__Exercise objective__
Your output should be everything below from the line containing "h) A bizonyítvány" down to the line containing "În spatele lui", both ends included, copied exactly, with pictures left out.
** Data to use follows **
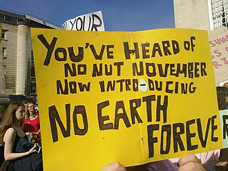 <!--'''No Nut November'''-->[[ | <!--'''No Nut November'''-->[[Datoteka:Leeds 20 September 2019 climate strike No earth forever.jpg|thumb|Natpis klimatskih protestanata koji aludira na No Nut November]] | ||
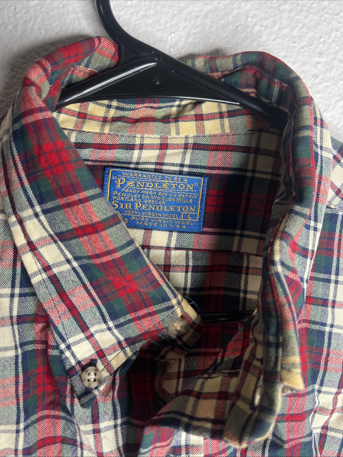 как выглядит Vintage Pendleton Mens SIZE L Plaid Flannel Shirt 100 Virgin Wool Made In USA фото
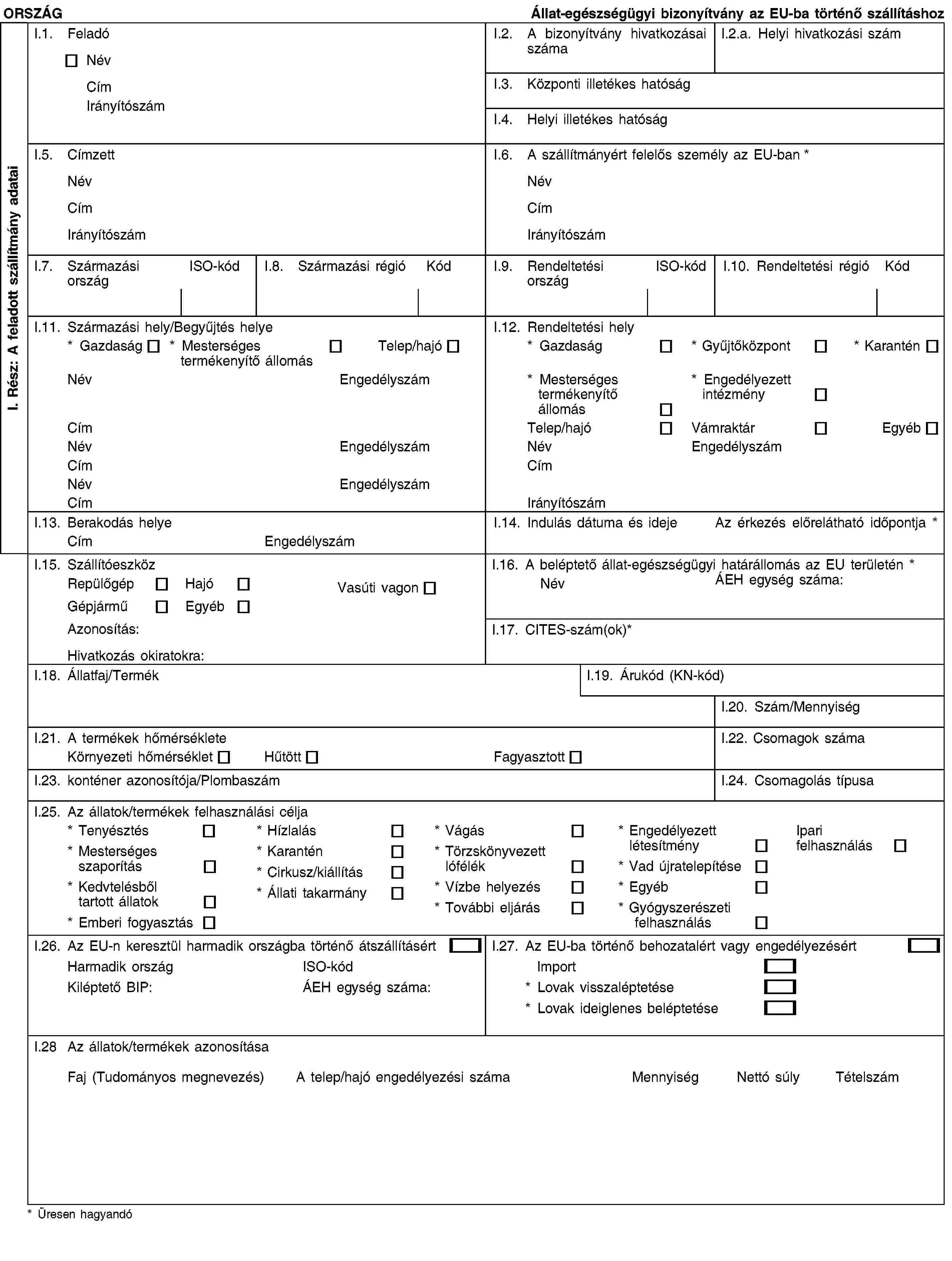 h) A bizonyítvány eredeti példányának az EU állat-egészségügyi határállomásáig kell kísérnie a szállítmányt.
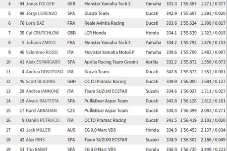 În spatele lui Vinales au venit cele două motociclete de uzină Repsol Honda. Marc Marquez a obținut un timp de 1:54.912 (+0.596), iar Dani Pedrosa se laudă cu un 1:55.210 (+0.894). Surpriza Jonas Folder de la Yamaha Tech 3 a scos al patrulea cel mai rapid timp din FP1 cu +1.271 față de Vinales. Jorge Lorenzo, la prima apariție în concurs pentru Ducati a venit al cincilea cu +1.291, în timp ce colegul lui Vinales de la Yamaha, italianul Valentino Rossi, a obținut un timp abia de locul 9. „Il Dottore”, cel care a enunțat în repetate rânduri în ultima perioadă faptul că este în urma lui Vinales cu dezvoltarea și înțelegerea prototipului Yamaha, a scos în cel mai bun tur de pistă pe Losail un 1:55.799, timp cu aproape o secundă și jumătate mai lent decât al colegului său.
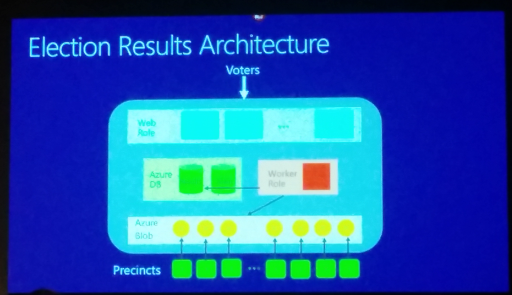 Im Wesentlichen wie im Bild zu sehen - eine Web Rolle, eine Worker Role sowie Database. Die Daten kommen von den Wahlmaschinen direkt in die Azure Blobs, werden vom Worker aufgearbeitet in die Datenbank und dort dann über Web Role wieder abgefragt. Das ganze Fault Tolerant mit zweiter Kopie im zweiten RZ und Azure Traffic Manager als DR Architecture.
** End of Data to use **
__Exercise response__
 h) A bizonyítvány eredeti példányának az EU állat-egészségügyi határállomásáig kell kísérnie a szállítmányt.
 În spatele lui Vinales au venit cele două motociclete de uzină Repsol Honda. Marc Marquez a obținut un timp de 1:54.912 (+0.596), iar Dani Pedrosa se laudă cu un 1:55.210 (+0.894). Surpriza Jonas Folder de la Yamaha Tech 3 a scos al patrulea cel mai rapid timp din FP1 cu +1.271 față de Vinales. Jorge Lorenzo, la prima apariție în concurs pentru Ducati a venit al cincilea cu +1.291, în timp ce colegul lui Vinales de la Yamaha, italianul Valentino Rossi, a obținut un timp abia de locul 9. „Il Dottore”, cel care a enunțat în repetate rânduri în ultima perioadă faptul că este în urma lui Vinales cu dezvoltarea și înțelegerea prototipului Yamaha, a scos în cel mai bun tur de pistă pe Losail un 1:55.799, timp cu aproape o secundă și jumătate mai lent decât al colegului său.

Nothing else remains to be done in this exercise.